I wound my fingers around that grip and a smile crossed my face. I wasn’t standing at last in one of the rivers of my heart, though not within a hundred yards from bright waters, just standing in the yard, a double tapered line strung through those guides for the first time in months. The breeze held a chill despite the sunshine, but the motions of those first casts warmed the blood in that left arm, and the smile remained.
There was a question in the corner of my mind since I wrote the last words of my January column for the Catskill Fly Tyers Guild’s Gazette: just how would my Leonard 66ACM cast with a six-weight line? Feeling better a little every day, I decided to seek the answer.
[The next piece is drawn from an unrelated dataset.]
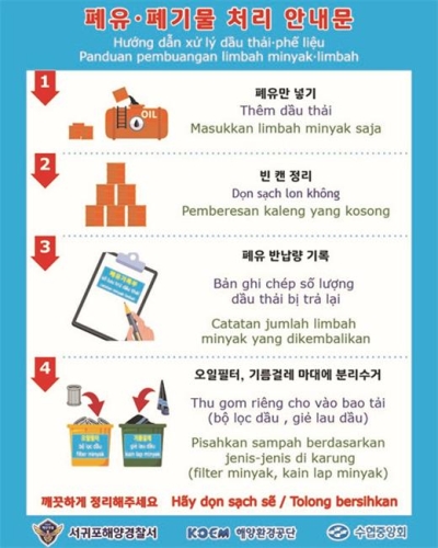 서귀포해양경찰서(서장 황준현)는 주요 항·포구 어선 폐유저장소에 폐유·폐기물(기름걸레·폐필터) 분리 배출방법...

I placed an LRH wound with a DT5 line in my right pocket and a Princess bearing a DT6 line in the left, and out to the lawn to see what that lithe shaft of vintage bamboo could tell me. The Red Gods as I lofted the first cast, pushing that cold breeze right in my face, felt just like old friends.
The five-weight felt familiar, and very capable to flex the rod cleanly. I tossed a few casts to limber up the house shuttered winter muscles and then traded reels. The Princess bore the same make and model of line, one of the 406 double taper lines. My Leonard rods are well acquainted with the 406 DT lines, performing better than any lines I have tried on all of them. Number six rolled out a longer cast in the face of that breeze, with no trace as over loading the ACM.
The legend of the Leonard ACM rods describes a special-order taper, designed to the desires of championship caster Authur C. Mills, with a heavier butt and a lighter tip. That lighter feel in the tip is clearly telegraphed to my hand, but its quickened enough to handle either line weight. With either line, the rod performs best with a light touch.
The true test to determine which line is my top choice will need time to get the rod on the river. Spending a day fishing through all of the changes the trout and those Red Gods have to challenge me will make that choice crystal clear!